Die Psychotherapie ist in der Behandlung unverzichtbar und wird es auch bleiben. Aber letztlich ist auch die soziale Interaktion zwischen Menschen Teil der Biologie: Dazu gehört auch die Beziehung zwischen Arzt, Therapeut und Patient. Die Grenzen zwischen Psychologie und Biologie verschwimmen. Gerade die funktionelle Bildgebung ermöglicht uns, zu verstehen, wie sich psychotherapeutisches Vorgehen auf das Gehirn auswirkt, und damit individuell auf den Patienten zugeschnittene Psychotherapieprogramme zu entwickeln.
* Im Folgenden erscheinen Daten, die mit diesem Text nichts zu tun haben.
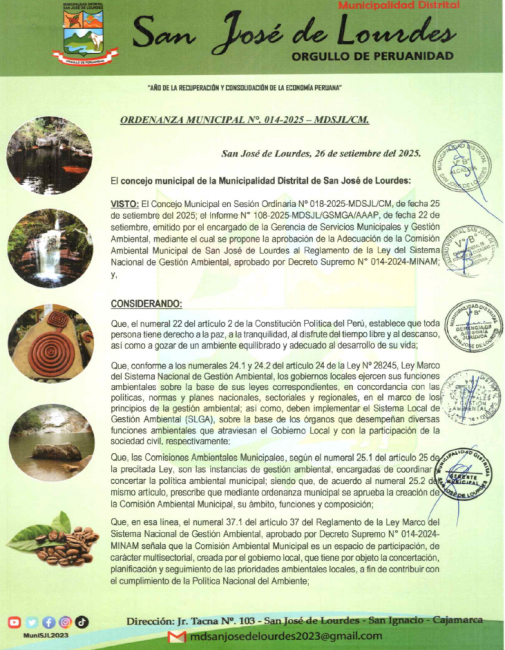 ORDENANZA MUNICIPAL QUE APRUEBA LA ADECUACIÓN DE LA COMISION AMBIENTAL MUNICIPAL (CAM) DEL DISTRITO DE SAN JOSE DE LOURDES-SAN IGNACIO

Was denken Sie: Wie wird ein Patient in zehn Jahren behandelt?
Die Zukunft hat in der Psychiatrieforschung schon längst begonnen. Sie nähert sich einer Präzisionsmedizin an – sowohl von molekularer als auch psychotherapeutischer Seite. Im Moment stellen wir Diagnosen. Die Therapie von Menschen mit einer chronischen Depression zum Beispiel ist in einer Behandlungsanleitung – wir Ärzte nennen das „Manual“ – festgehalten, nach dem wir verfahren. Es ist aber nicht auf den einzelnen Patienten ausgerichtet. Wir müssen weg von den Manualen. Die neuen „Werkzeuge“ ermöglichen eine individuelle Diagnostik und damit auch eine individuelle Therapie.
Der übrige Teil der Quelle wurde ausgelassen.